- Born: October 25, 1935 Le Sueur, Minnesota
- Died: April 24, 2017 (aged 81) Lutherville, Maryland
- Education: University of Oregon School of Medicine
- Known for: cholera research
- Spouse: Jo Nystrom

= Bradley Sack =

American physician and researcher

Richard Bradley Sack (October 25, 1935 – April 24, 2017) was an American physician and researcher noted for his contributions to the treatment of cholera.

==Early years==
Sack was born in Le Sueur, Minnesota to Wilma Mary (Hyink) and Rev. Nobel V. Sack. He grew up in Iowa and graduated from Lewis & Clark College. He then attended the University of Oregon School of Medicine, where he graduated in 1960.

== Career ==
Sack did his residency at the University of Washington, followed by a fellowship with the Johns Hopkins Bloomberg School of Public Health.
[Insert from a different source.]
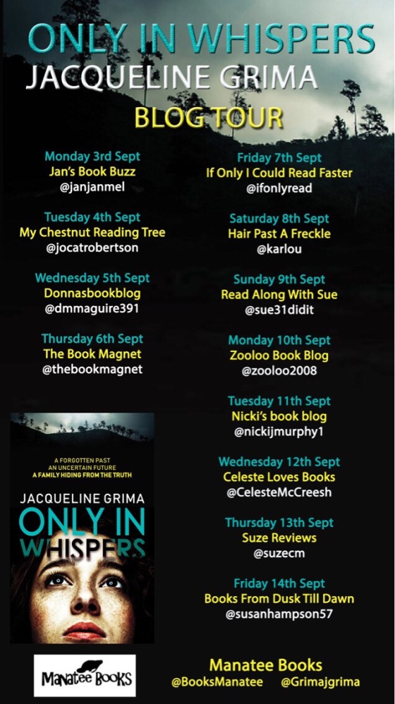 Today I’m sharing my review of Whispers by Jacqueline Grima as part of the blog tour. Many thanks to Tracy Fenton for my invite and review copy of the book.

Sack joined the Johns Hopkins faculty in 1962. Sack's lab first identified Enterotoxigenic Escherichia coli, a bacterium that is a major cause of diarrhea. He established two research centers funded by the NIH, one in Lima, Peru and one in the White Mountain Apache Reservation in Whiteriver, Arizona. He co-authored over 350 peer-reviewed publications.

== Family ==
He was the brother of Robert L. Sack.